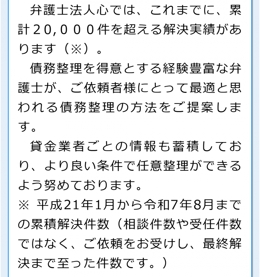 当法人では、任意整理案件を多数取り扱い、解決してきた実績があります。
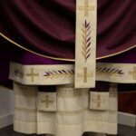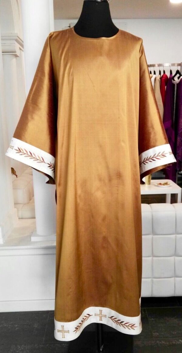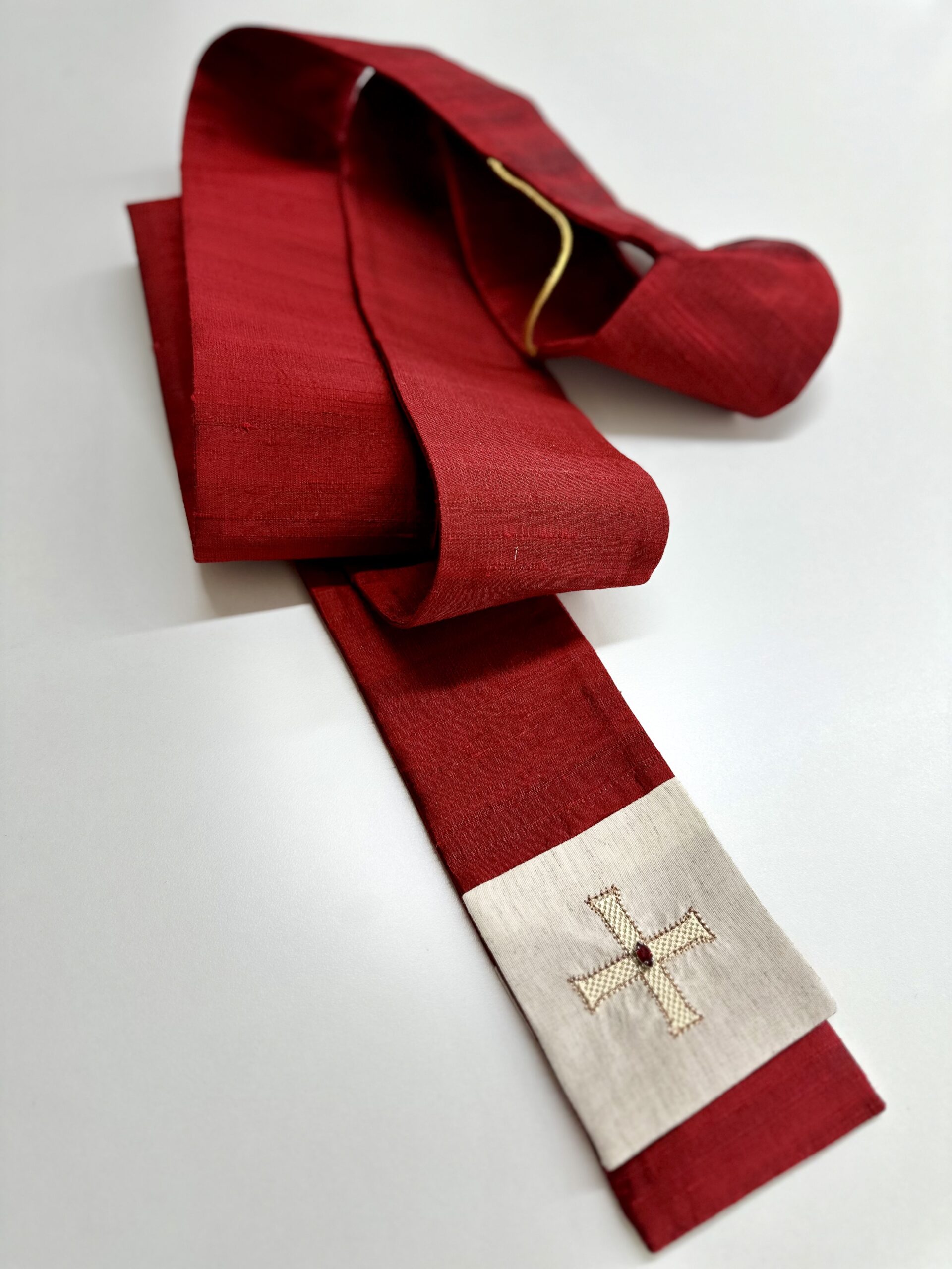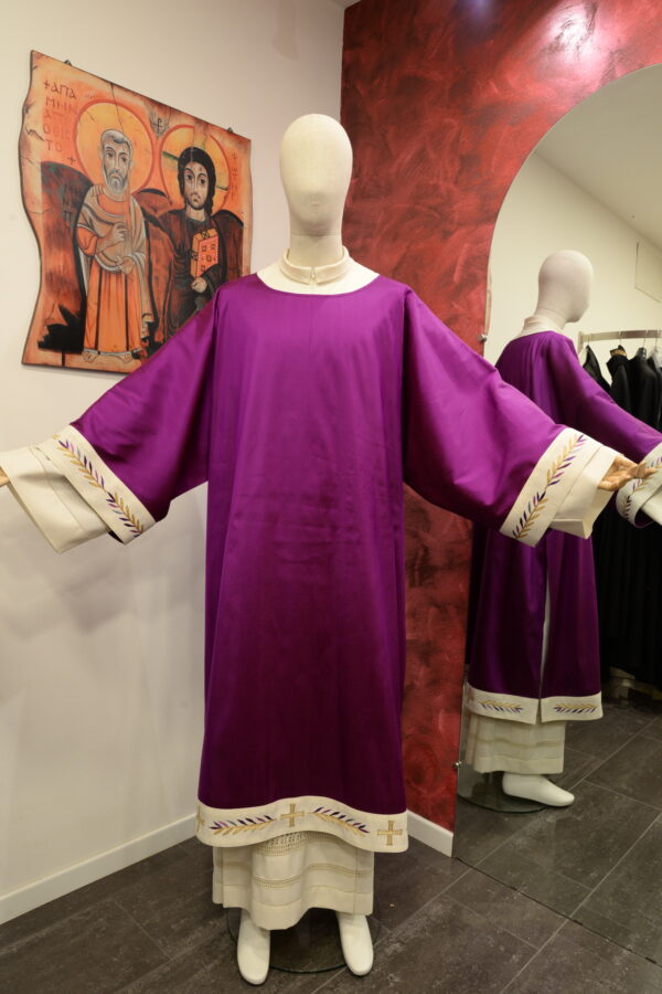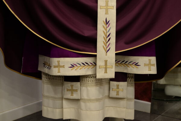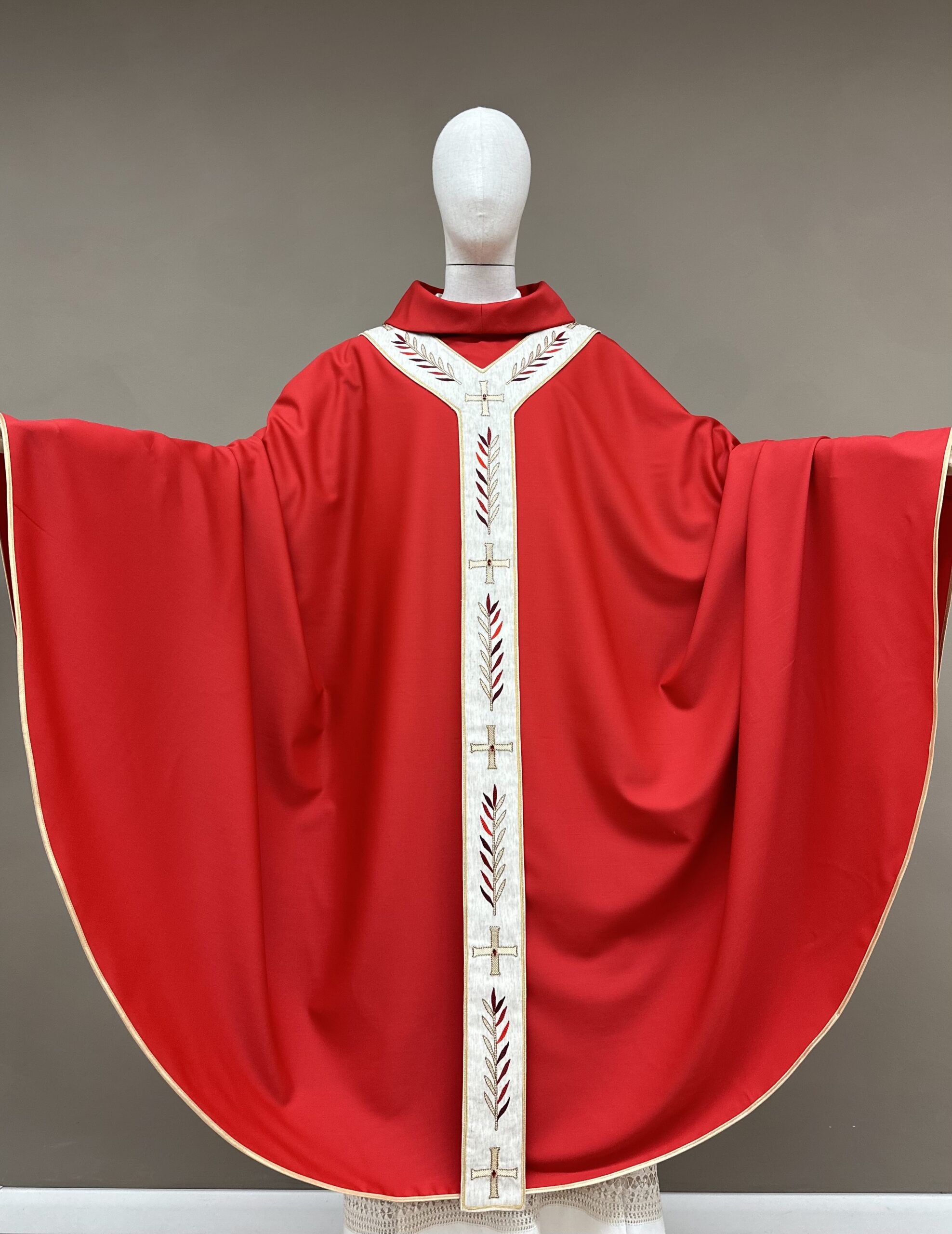Casula confezionata in tessuto “Retinato” misto lana e seta, applicazione stolino in tessuto misto lino greggio ricamato in toni di oro e policromia.
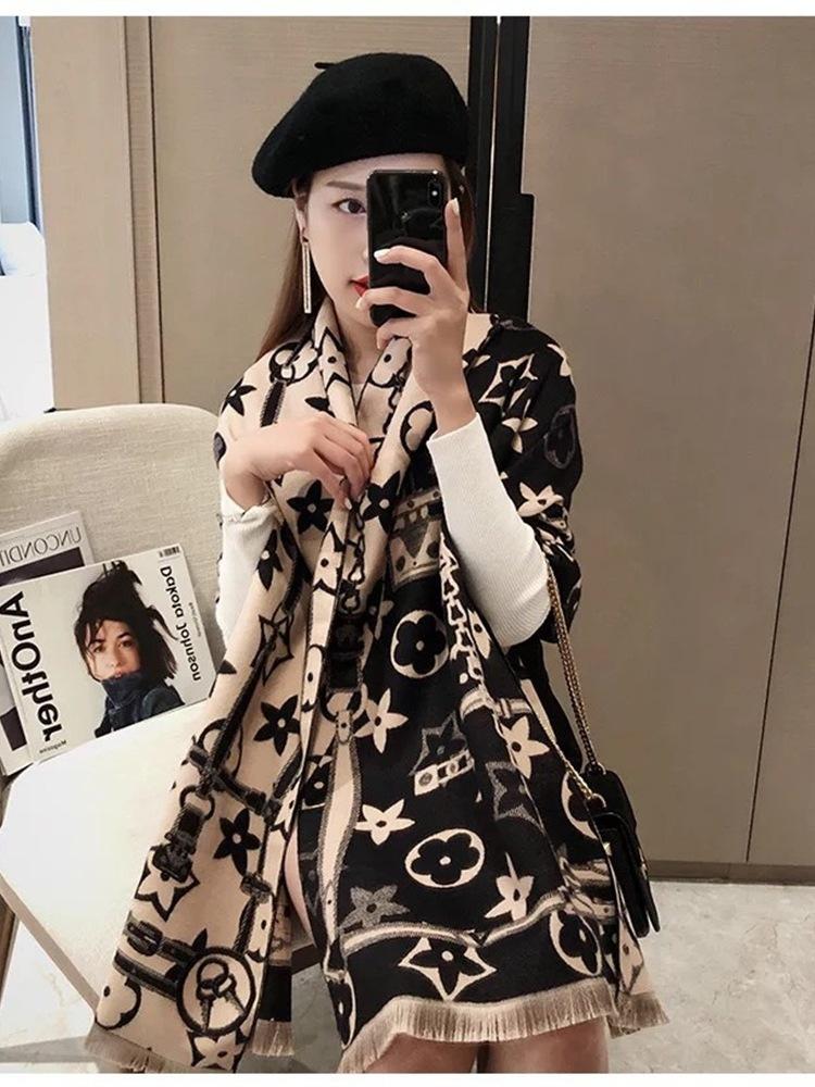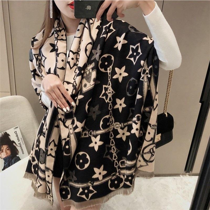 Bufanda de cachemira de imitación europea y americana para otoño e invierno, chal para mujer, bufanda cálida de doble cara y dos colores, estilo occidental largo de moda, combina con todo.
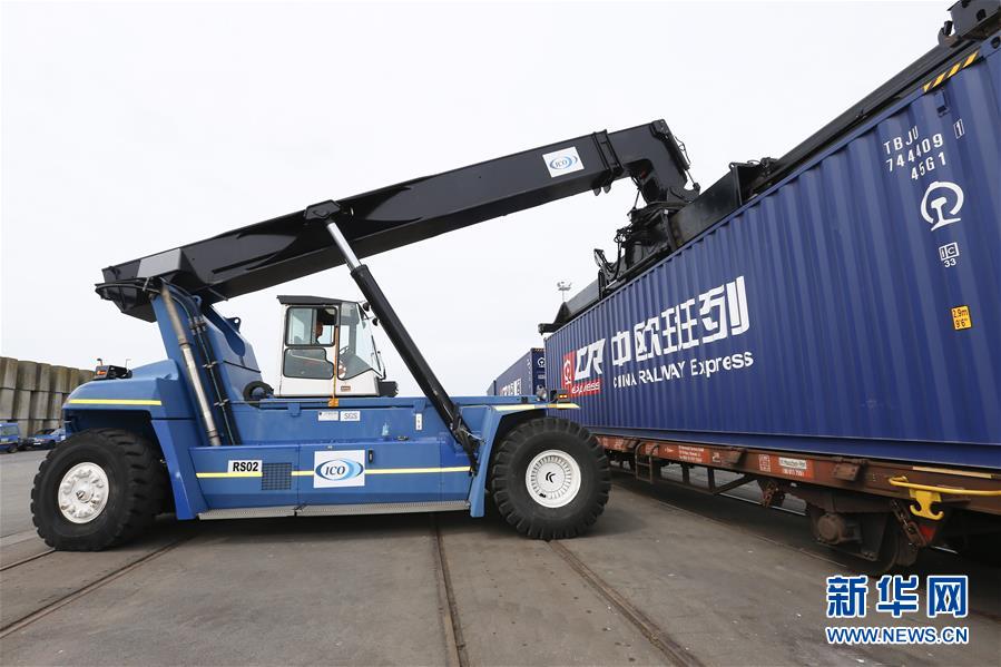 这是2017年6月30日,在比利时泽布鲁日港,工作人员将中欧班列沃尔沃汽车专列的一个集装箱卸货。从中国大庆出发经过20多天运行,运载着123辆沃尔沃S90汽车的中欧铁路首趟汽车专列6月30日顺利抵达比利时泽布鲁日港,标志着“中国智造”的豪华汽车首次以铁路专列形式销往欧洲市场,同时也标志着中比两国在“一带一路”建设框架下的合作迈出了新步伐。新华社记者叶平凡摄

---

These lines alone form the answer: the one containing "Casula confezionata in" and every line after it through the end of the material, exactly as written, pictures left out.

- **Answer to the exercise**:
Casula confezionata in tessuto “Retinato” misto lana e seta, applicazione stolino in tessuto misto lino greggio ricamato in toni di oro e policromia.
 Bufanda de cachemira de imitación europea y americana para otoño e invierno, chal para mujer, bufanda cálida de doble cara y dos colores, estilo occidental largo de moda, combina con todo.
 这是2017年6月30日,在比利时泽布鲁日港,工作人员将中欧班列沃尔沃汽车专列的一个集装箱卸货。从中国大庆出发经过20多天运行,运载着123辆沃尔沃S90汽车的中欧铁路首趟汽车专列6月30日顺利抵达比利时泽布鲁日港,标志着“中国智造”的豪华汽车首次以铁路专列形式销往欧洲市场,同时也标志着中比两国在“一带一路”建设框架下的合作迈出了新步伐。新华社记者叶平凡摄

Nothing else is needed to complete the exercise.